使用 memmap 文件进行批处理 [英] Using memmap files for batch processing

查看:20
本文介绍了使用 memmap 文件进行批处理的处理方法,对大家解决问题具有一定的参考价值,需要的朋友们下面随着小编来一起学习吧!

问题描述

我有一个庞大的数据集,我希望对其进行 PCA.我受到 PCA 的 RAM 和计算效率的限制.因此,我转而使用迭代 PCA.

数据集大小-(140000,3504)

文档指出This算法具有恒定的内存复杂度,数量级为 batch_size,允许使用 np.memmap 文件而无需将整个文件加载到内存中.

这真的很好,但不确定如何利用这一点.

我尝试加载一个 memmap,希望它能分块访问它,但我的 RAM 爆了.我下面的代码最终使用了大量 RAM:

ut = np.memmap('my_array.mmap', dtype=np.float16, mode='w+', shape=(140000,3504))clf=IncrementalPCA(副本=假)X_train=clf.fit_transform(ut)

当我说我的内存坏了"时,我看到的 Traceback 是:

回溯(最近一次调用最后一次):文件<stdin>",第 1 行,在 <module> 中文件C:Python27libsite-packagessklearnase.py",第 433 行,在 fit_transfoR M返回 self.fit(X, **fit_params).transform(X)文件C:Python27libsite-packagessklearndecompositionincremental_pca.py",第 171 行,合身X = check_array(X, dtype=np.float)文件C:Python27libsite-packagessklearnutilsvalidation.py",第 347 行,在检查数组array = np.array(array, dtype=dtype, order=order, copy=copy)内存错误

如何在不影响准确性的情况下通过减少批量大小来改进这一点?

<小时>

我的诊断思路:

我查看了 sklearn 源代码和 fit() 函数 源代码 我可以看到以下内容.这对我来说很有意义,但我仍然不确定我的情况出了什么问题.

 用于 gen_batches(n_samples, self.batch_size_) 中的批处理:self.partial_fit(X[batch])回归自我

最坏的情况我将不得不为 iterativePCA 编写自己的代码,它通过读取和关闭 .npy 文件进行批处理.但这会破坏利用现有黑客的目的.

编辑 2:如果我能以某种方式删除一批处理过的 memmap 文件.这很有意义.

编辑 3:理想情况下,如果 IncrementalPCA.fit() 只是使用批处理,它不应该使我的 RAM 崩溃.发布整个代码,只是为了确保我之前在将 memmap 完全刷新到磁盘时没有犯错误.

temp_train_data=X_train[1000:]temp_labels=y[1000:]out = np.empty((200001, 3504), np.int64)对于索引,枚举中的行(temp_train_data):实际索引=索引+1000数据=X_train[actual_index-1000:actual_index+1].ravel()__,cd_i=pywt.dwt(data,'haar')出[索引] = cd_iout.flush()pca_obj=增量PCA()clf = pca_obj.fit(out)

令人惊讶的是,我注意到 out.flush 并没有释放我的记忆.有没有办法使用 del out 完全释放我的内存,然后有人将文件的指针传递给 IncrementalPCA.fit().

解决方案

您在 32 位环境中遇到了 sklearn 问题.我假设您正在使用 np.float16 是因为您处于 32 位环境中,并且您需要它来允许您创建 memmap 对象而不会出现 numpy thowing 错误.>

在 64 位环境中(在 Windows 上使用 Python3.3 64 位测试),您的代码开箱即用.所以,如果你有一台 64 位的计算机 - 安装 python 64 位和 numpyscipyscikit-learn 64 位,你就很高兴去.
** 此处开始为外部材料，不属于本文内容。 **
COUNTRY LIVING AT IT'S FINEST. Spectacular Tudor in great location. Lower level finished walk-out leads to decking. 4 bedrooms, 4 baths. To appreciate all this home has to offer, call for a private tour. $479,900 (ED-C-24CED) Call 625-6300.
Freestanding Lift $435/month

不幸的是,如果您不能这样做,则没有简单的解决方法.我已经在这里在 github 上提出了一个问题,但并不容易修补.根本问题是,在库中,如果您的类型是 float16,则会触发数组到内存的副本.详情如下.

所以,我希望您可以访问具有大量 RAM 的 64 位环境.如果没有,您将不得不自己拆分阵列并对其进行批处理,这是一项相当大的任务...

NB 很高兴看到您去源代码诊断您的问题:) 但是,如果您查看代码失败的行(来自 Traceback),您将看到您找到的 for batch in gen_batches 代码从未到达.

<小时>

详细诊断:

OP代码产生的实际错误:

将 numpy 导入为 np从 sklearn.decomposition 导入 IncrementalPCAut = np.memmap('my_array.mmap', dtype=np.float16, mode='w+', shape=(140000,3504))clf=IncrementalPCA(副本=假)X_train=clf.fit_transform(ut)
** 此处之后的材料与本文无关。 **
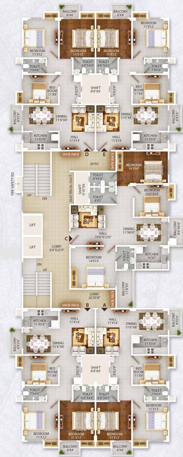
BLOCK - A | 3RD TO 7TH FLOOR
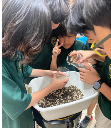
The article provides a guide to uncovering soil crystals using the acid test method.
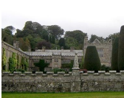
Magnificent late Victorian country house with extensive servants' quarters, gardens and wooded estate

Historic Buildings and Monuments, Parks Gardens and Woodlands, Visitor Centres and Museums, Childrens Attractions, Indoor and Outdoor Play Areas, Cafes Coffee Shops and Tearooms, Restaurants
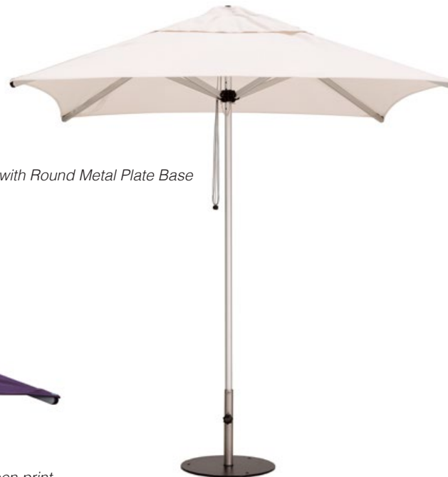
Square model with Round Metal Plate Base
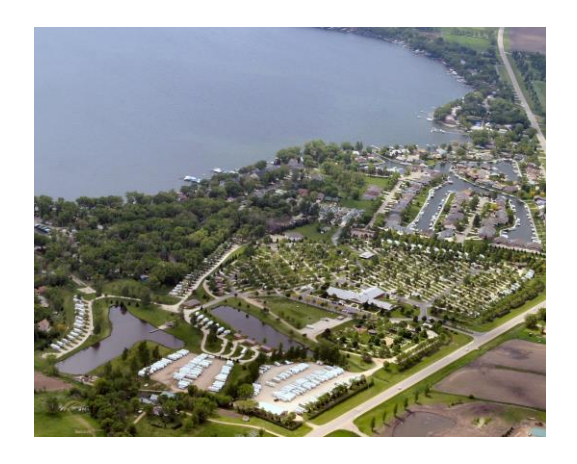
Aerial view of Cutty's Okoboji Resort
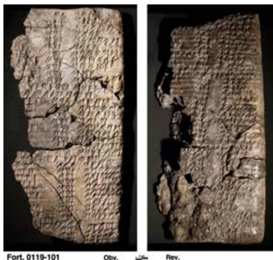
Figure 2. A tablet nerd's garden of delight: a close parallel to a hitherto unique text. This damaged list of thousands of fruit seedlings or saplings — including apples, pears, dates, figs, olives, quince, mulberries, prune-plums, pomegranates(?), and others — and their nurserymen at several plantations ("paradises") corroborates Classical historians' descriptions of the lush paradises in the Persian heartland that Alexander the Great encountered

I recorded first-draft editions of Elamite texts on about 30 more Fortification tablets and fragments, for a running total of about
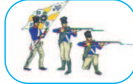
PA541 Prussia: Guard Infantry II

回溯(最近一次调用最后一次):文件<stdin>",第 1 行,在 <module> 中文件C:Python27libsite-packagessklearnase.py",第 433 行,在 fit_transfoR M返回 self.fit(X, **fit_params).transform(X)文件C:Python27libsite-packagessklearndecompositionincremental_pca.py",第 171 行,合身X = check_array(X, dtype=np.float)文件C:Python27libsite-packagessklearnutilsvalidation.py",第 347 行,在检查数组array = np.array(array, dtype=dtype, order=order, copy=copy)内存错误

调用check_array(代码链接) 使用了dtype=np.float,但是原始数组有dtype=np.float16.即使 check_array() 函数 默认为 copy=False将此传递给 np.array(),这被忽略(根据文档),以满足 dtype是不同的;因此副本是由 np.array 制作的.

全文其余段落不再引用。